🤖 AI Summary
This work addresses texture artifacts and blurred object boundaries in text-guided 3D Gaussian Splatting editing, caused by multi-view geometric inconsistency and insufficient depth utilization. To tackle these issues, we propose two core innovations: (1) a complementary information mutual learning network that significantly improves cross-view depth estimation accuracy; and (2) a wavelet consensus attention mechanism that aligns latent-space representations across views during diffusion denoising. Our method tightly integrates 3D Gaussian Splatting, depth-conditioned editing, and implicit modeling via diffusion priors, preserving geometric fidelity while enhancing texture plausibility and boundary sharpness. Extensive experiments demonstrate that our approach achieves state-of-the-art performance across key metrics—including rendering quality, multi-view consistency, and editing fidelity—outperforming existing methods comprehensively.
📝 Abstract
We present a novel framework for enhancing the visual fidelity and consistency of text-guided 3D Gaussian Splatting (3DGS) editing.
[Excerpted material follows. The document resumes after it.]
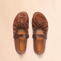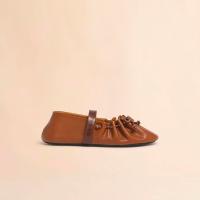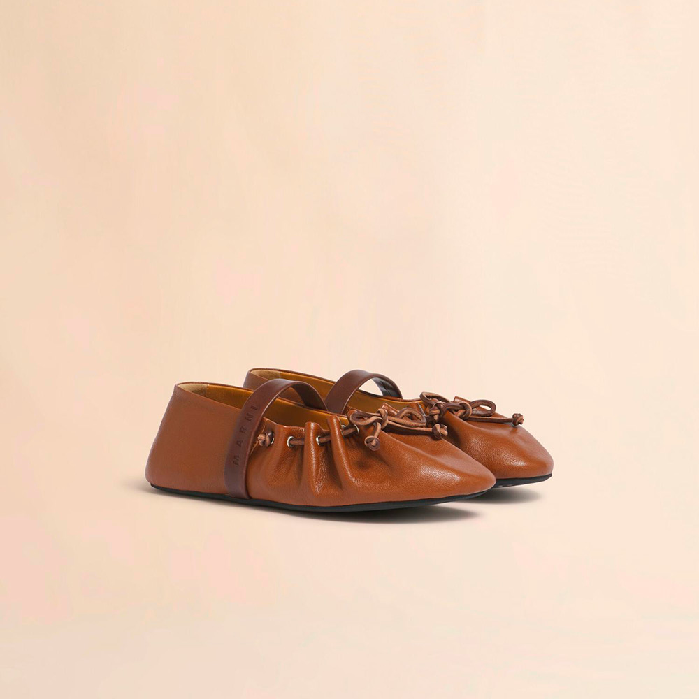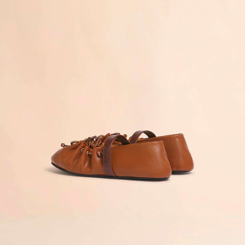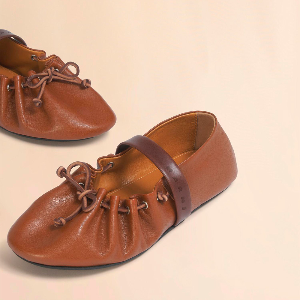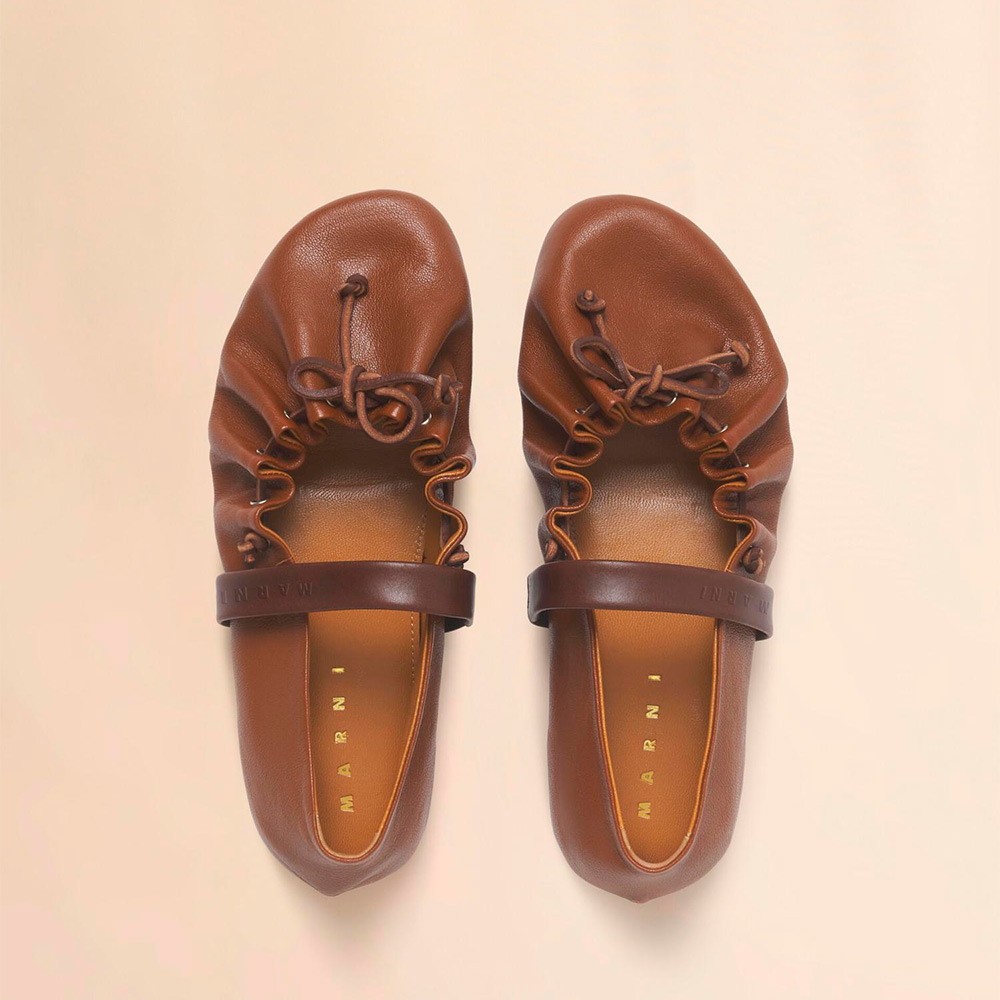バレリーナシューズとアーカイブコレクションのギャザーシューズを融合した“SOFT BALLERINA”シューズ。レザーレースリボンで甲部分の調整可能。ストレッチの効いたレザーストラップ付き。

Existing editing approaches face two critical challenges: inconsistent geometric reconstructions across multiple viewpoints, particularly in challenging camera positions, and ineffective utilization of depth information during image manipulation, resulting in over-texture artifacts and degraded object boundaries. To address these limitations, we introduce: 1) A complementary information mutual learning network that enhances depth map estimation from 3DGS, enabling precise depth-conditioned 3D editing while preserving geometric structures. 2) A wavelet consensus attention mechanism that effectively aligns latent codes during the diffusion denoising process, ensuring multi-view consistency in the edited results. Through extensive experimentation, our method demonstrates superior performance in rendering quality and view consistency compared to state-of-the-art approaches. The results validate our framework as an effective solution for text-guided editing of 3D scenes.